[Records drawn from a dataset]
[Start of Attachment]
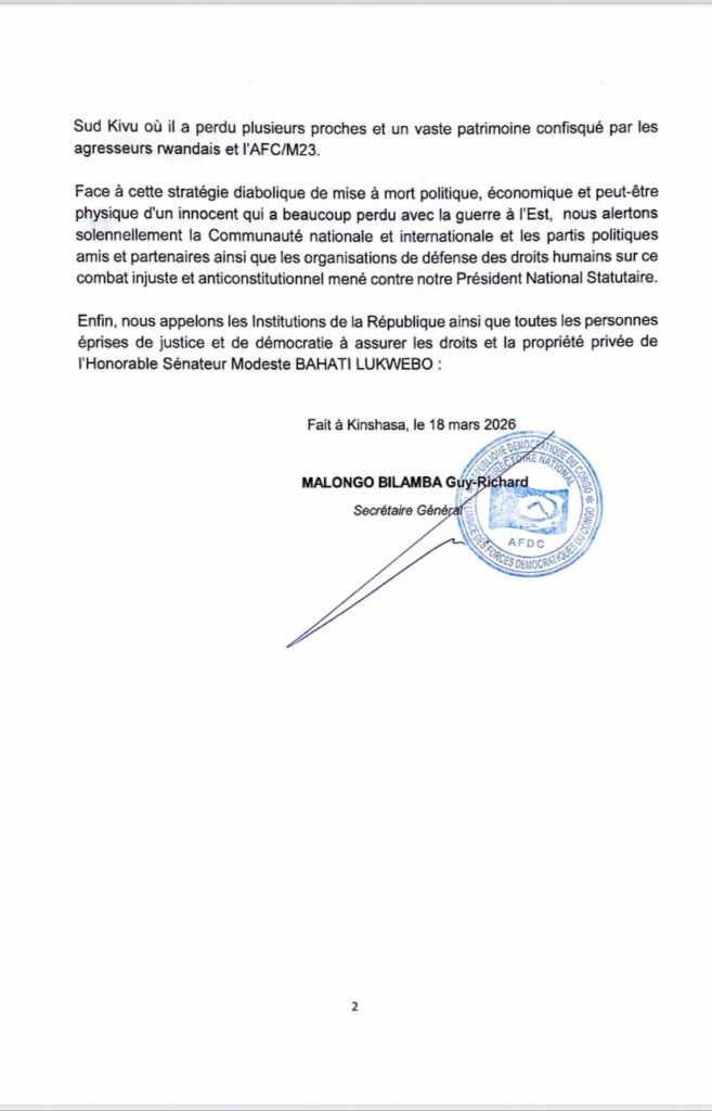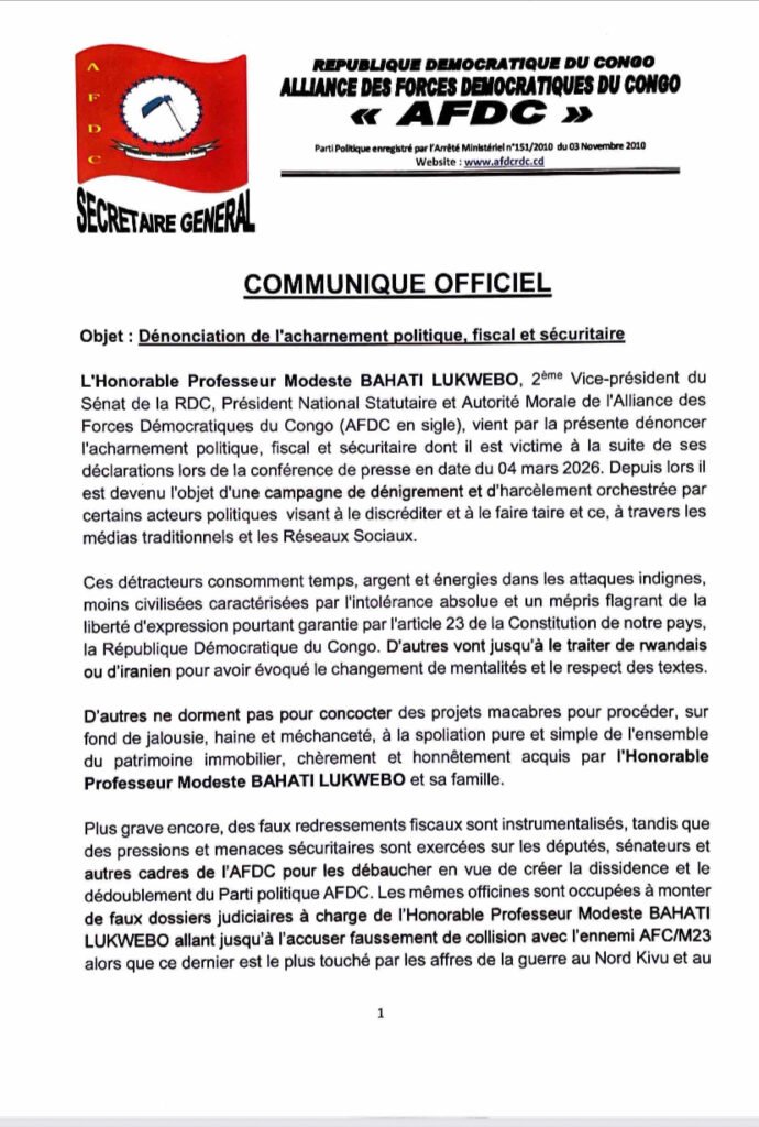 Le communiqué évoque des attaques médiatiques, des menaces sécuritaires, des pressions politiques ainsi que des tentatives de discrédit et de spoliation de ses biens. L’AFDC dénonce aussi la fabrication de faux dossiers judiciaires et rejette des accusations de collusion avec l’ennemi dans l’est de la République démocratique du Congo.
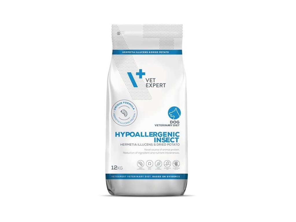 VetExpert Hypoallergenic Insect je kompletní dietní krmivo pro dospělé psy určené ke zmírnění potravinových nesnášenlivostí a k podpoře funkce kůže při dermatóze a nadměrné ztrátě srsti.
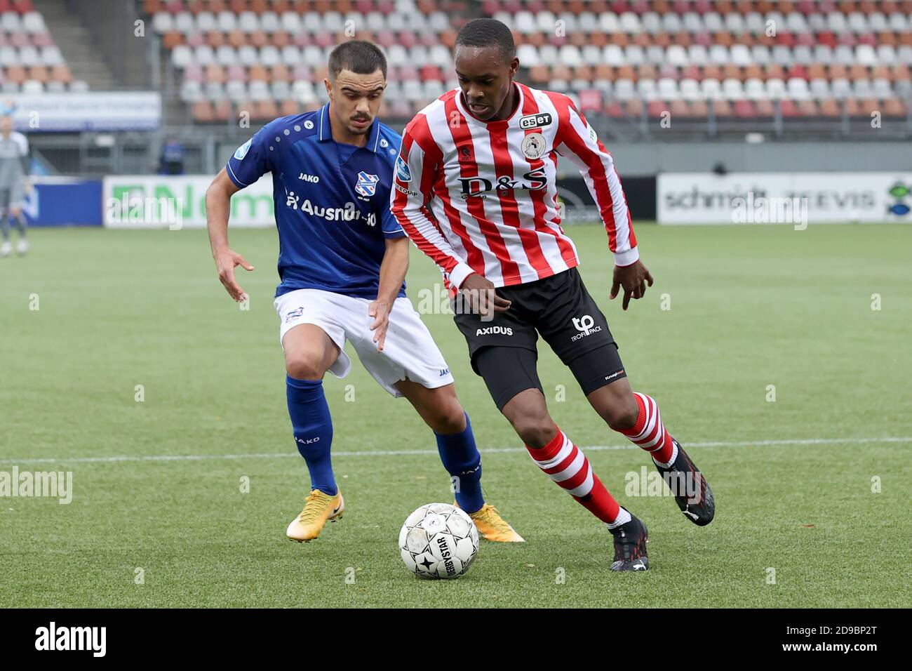 Rotterdam Netherlands November 01 L R Oliver Batista Meier Of Sc Heerenveen And Emmanuel Emegha Of Sparta Rotterdam During The Dutch Eredivisie Match Between Sparta Rotterdam And Sc Heerenveen At Het Kasteel
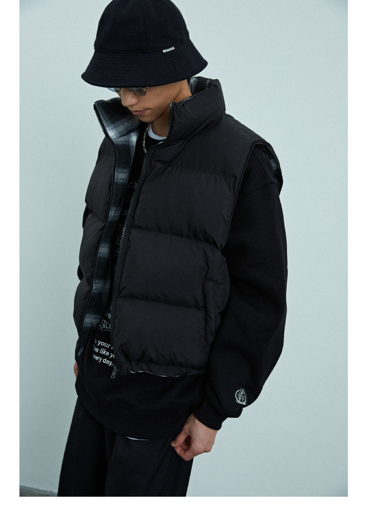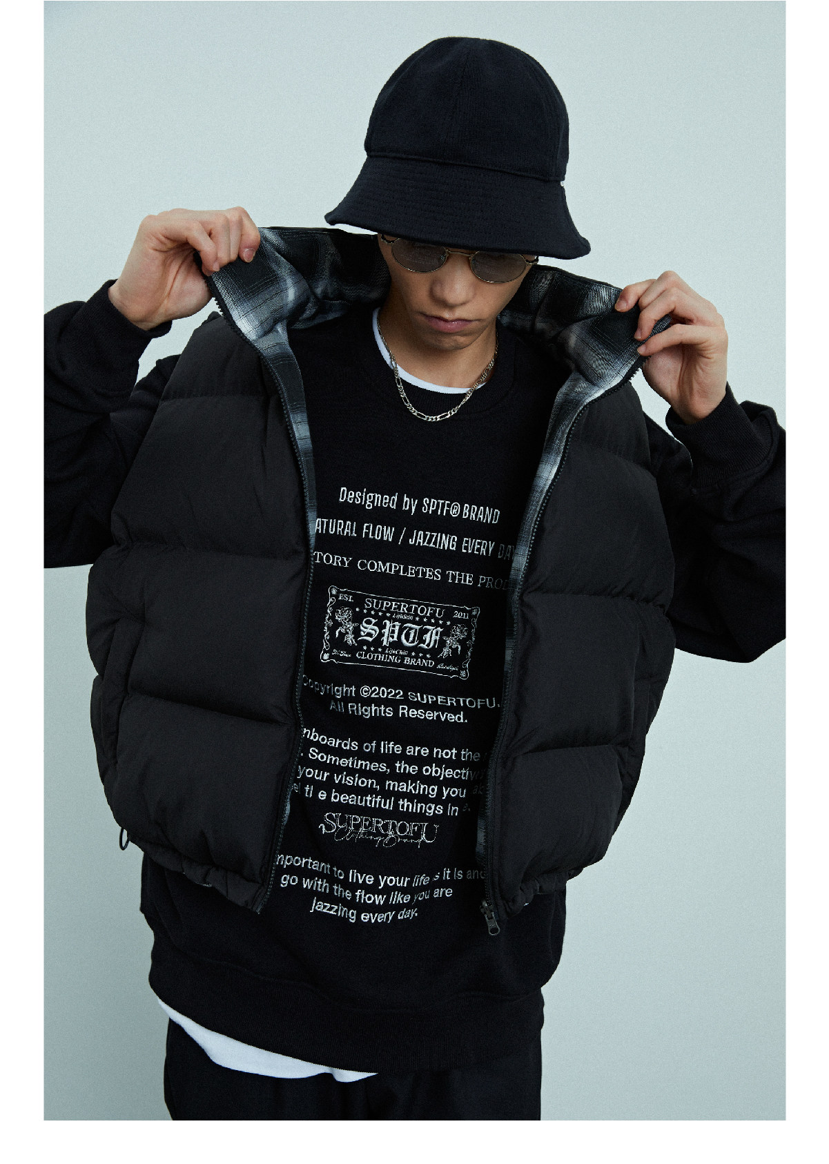 Supertofu (SPTF) AW22 может носить короткий ватный тканевый жилет с обеих сторон
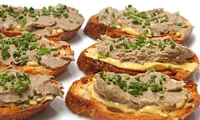 Heat gently and while the shallots and garlic are softening, add the liver and the spices, the bay leaf and the thyme.
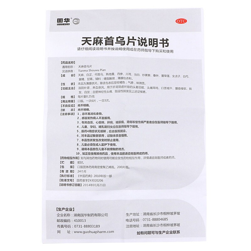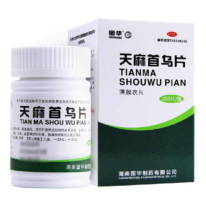 Guohua Tianma He Shouwu Tablets 200 Tablets Nourishes Yin and Supplements Kidney, Nourishes Blood and Relieves Wind
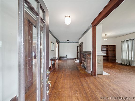Welcome to this beautiful and spacious home featuring a brand NEW roof and plenty of room for everyone! This 5-bedroom, 2-bath home offers two large living areas and 3 fireplaces, a formal dining room, a butler's pantry, and a bright sunroom. You'll love the gorgeous original woodwork, built-ins, real hardwood floors, and soaring ceilings that create a light and airy ambiance throughout. Classic charm with many original design elements and fixtures still intact, showcasing the unique character of the home. The spacious hallways and thoughtfully designed layout provide a comfortable flow. Outside, enjoy a covered front porch, mature trees, and a backyard with two storage buildings. A carport with alley access is located at the rear of the home and is accessible via a shared driveway.
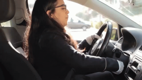 Iman Biti happily driving a car, wearing glasses and smiling with confetti falling around her.
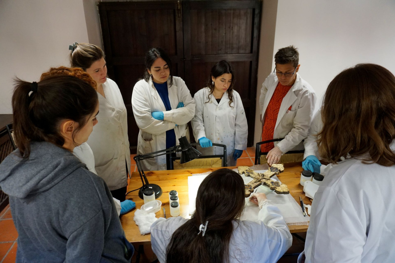 La actividad del Centro de Restauración de la Fundación, integrado actualmente por siete restauradores —la mayoría formados previamente en estos cursos— complementa y amplía el impacto del ciclo formativo, garantizando su proyección real en el territorio. Durante 2025, desde el Centro se ha intervenido en obras de relevancia como la Escalinata de Teruel, la talla de San Millán de Orihuela del Tremedal, la consolidación de los metales arqueológicos de la necrópolis celtibérica de Bronchales, la talla de San Roque de Torrelacárcel o la portada gótica de la iglesia de Molinos, entre otras actuaciones en curso.
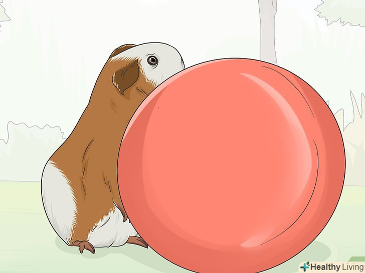 Навчіть морську свинку катати м'ячик. використовуйте для цієї мети такий м'яч, який не буде занадто важким або занадто великим, наприклад, тенісний м'ячик, щоб робота з ним не викликала у морської свинки труднощів. Також вам знадобиться довге і плоске частування для морської свинки, наприклад, смужка морквини. [5]- Покладіть смужку з морквини на підлогу, а потім поставте на неї м'ячик.
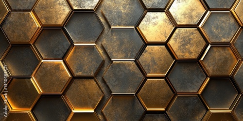 Golden hexagonal patterns create a modern design showcasing geometric beauty and elegance in a polished surface
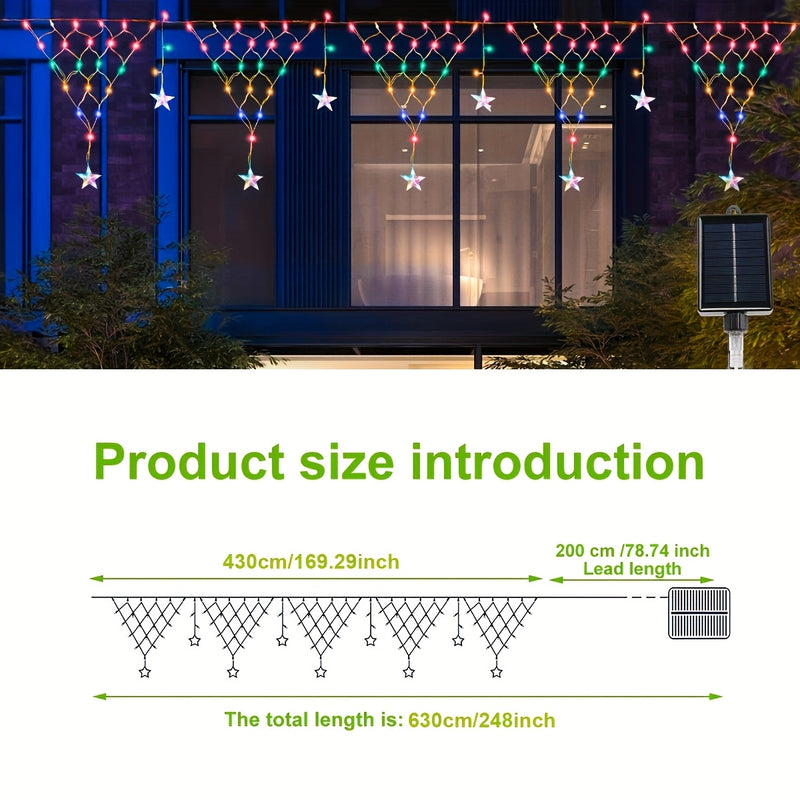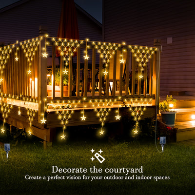 Solar-Dreieck-Gitterlicht, 8 Modi, solarbetriebenes LED-Außendekorations-Licht in verschiedenen Farben – ideal für Garten-, Dachterrassenbeleuchtung sowie Geburtstagsfeiern Festlichkeiten, Solarlichtstreifen,Solar-Lichterkette
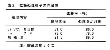- 87.5℃、6日間乾熱処理後の種子を、5℃で6か月間貯蔵しても発芽率の低下は認められない(表2)。
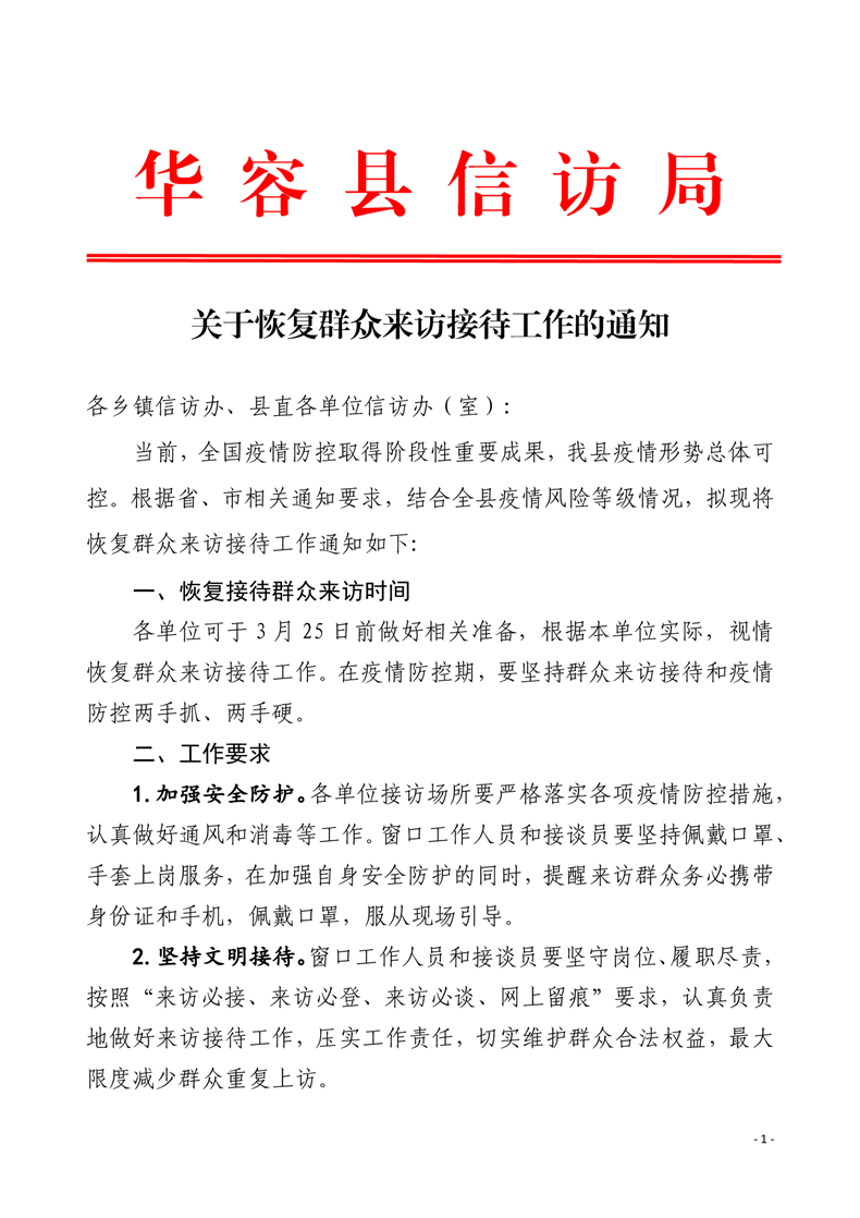 关于恢复群众来访接待工作的通知
[End of Attachment]
Set the lines above down again, word for word, from the first through the one containing "Guohua Tianma He"; pictures excluded.

 Le communiqué évoque des attaques médiatiques, des menaces sécuritaires, des pressions politiques ainsi que des tentatives de discrédit et de spoliation de ses biens. L’AFDC dénonce aussi la fabrication de faux dossiers judiciaires et rejette des accusations de collusion avec l’ennemi dans l’est de la République démocratique du Congo.
 VetExpert Hypoallergenic Insect je kompletní dietní krmivo pro dospělé psy určené ke zmírnění potravinových nesnášenlivostí a k podpoře funkce kůže při dermatóze a nadměrné ztrátě srsti.
 Rotterdam Netherlands November 01 L R Oliver Batista Meier Of Sc Heerenveen And Emmanuel Emegha Of Sparta Rotterdam During The Dutch Eredivisie Match Between Sparta Rotterdam And Sc Heerenveen At Het Kasteel
 Supertofu (SPTF) AW22 может носить короткий ватный тканевый жилет с обеих сторон
 Heat gently and while the shallots and garlic are softening, add the liver and the spices, the bay leaf and the thyme.
 Guohua Tianma He Shouwu Tablets 200 Tablets Nourishes Yin and Supplements Kidney, Nourishes Blood and Relieves Wind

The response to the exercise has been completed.